* WHAT THE TASK ASKS *
The line containing "Tadalis-SX 20 Tablets" marks the end: copy exactly every line from the start of the records below up to and including it, leaving out pictures.

╭─ MATERIAL SUPPLIED

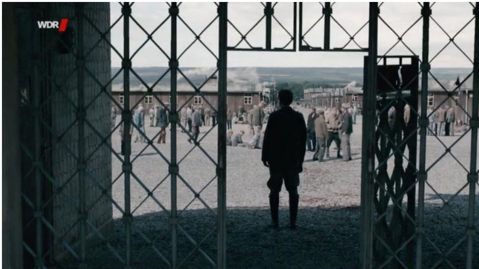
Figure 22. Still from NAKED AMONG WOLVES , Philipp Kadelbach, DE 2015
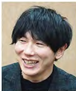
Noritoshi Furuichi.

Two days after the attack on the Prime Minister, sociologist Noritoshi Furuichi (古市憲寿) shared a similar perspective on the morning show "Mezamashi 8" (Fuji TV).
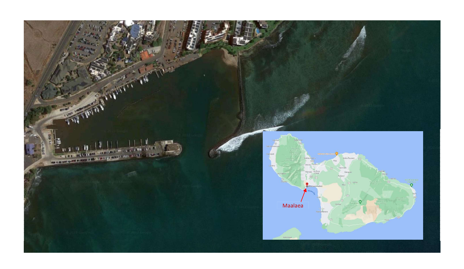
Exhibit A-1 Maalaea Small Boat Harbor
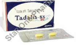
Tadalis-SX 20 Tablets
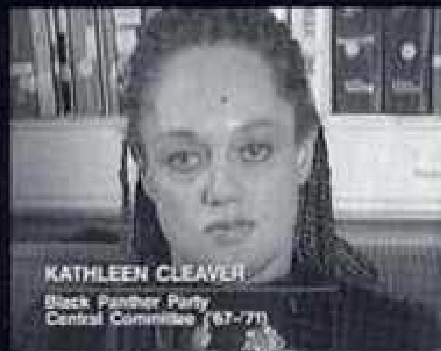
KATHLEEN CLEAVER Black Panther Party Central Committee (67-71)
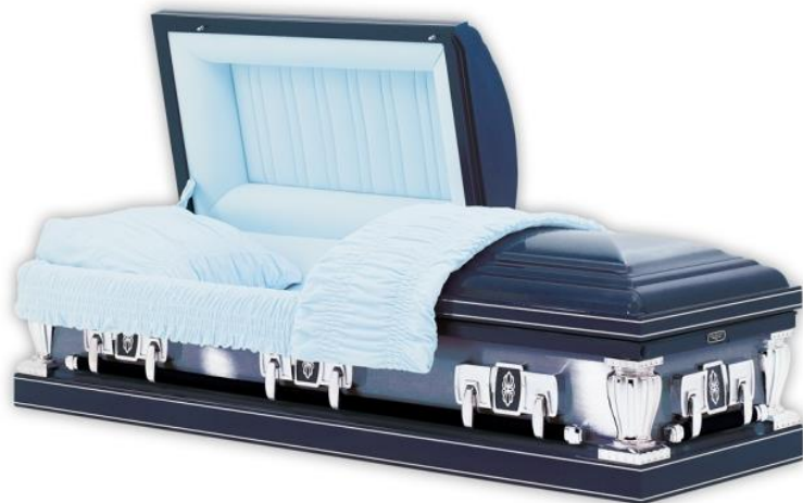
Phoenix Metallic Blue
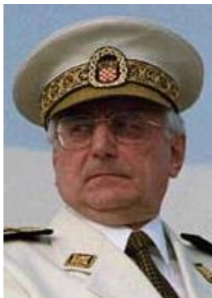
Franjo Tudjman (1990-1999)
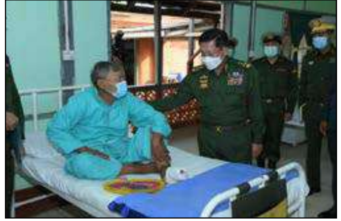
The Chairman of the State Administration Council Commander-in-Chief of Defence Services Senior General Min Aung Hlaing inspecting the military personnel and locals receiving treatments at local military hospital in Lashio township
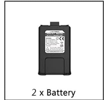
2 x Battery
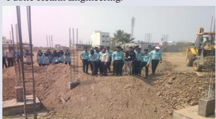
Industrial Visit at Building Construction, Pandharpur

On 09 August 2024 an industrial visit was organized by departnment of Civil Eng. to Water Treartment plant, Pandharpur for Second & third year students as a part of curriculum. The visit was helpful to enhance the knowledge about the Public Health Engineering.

╰─

* TASK OUTPUT *
Figure 22. Still from NAKED AMONG WOLVES , Philipp Kadelbach, DE 2015
Noritoshi Furuichi.

Two days after the attack on the Prime Minister, sociologist Noritoshi Furuichi (古市憲寿) shared a similar perspective on the morning show "Mezamashi 8" (Fuji TV).
Exhibit A-1 Maalaea Small Boat Harbor
Tadalis-SX 20 Tablets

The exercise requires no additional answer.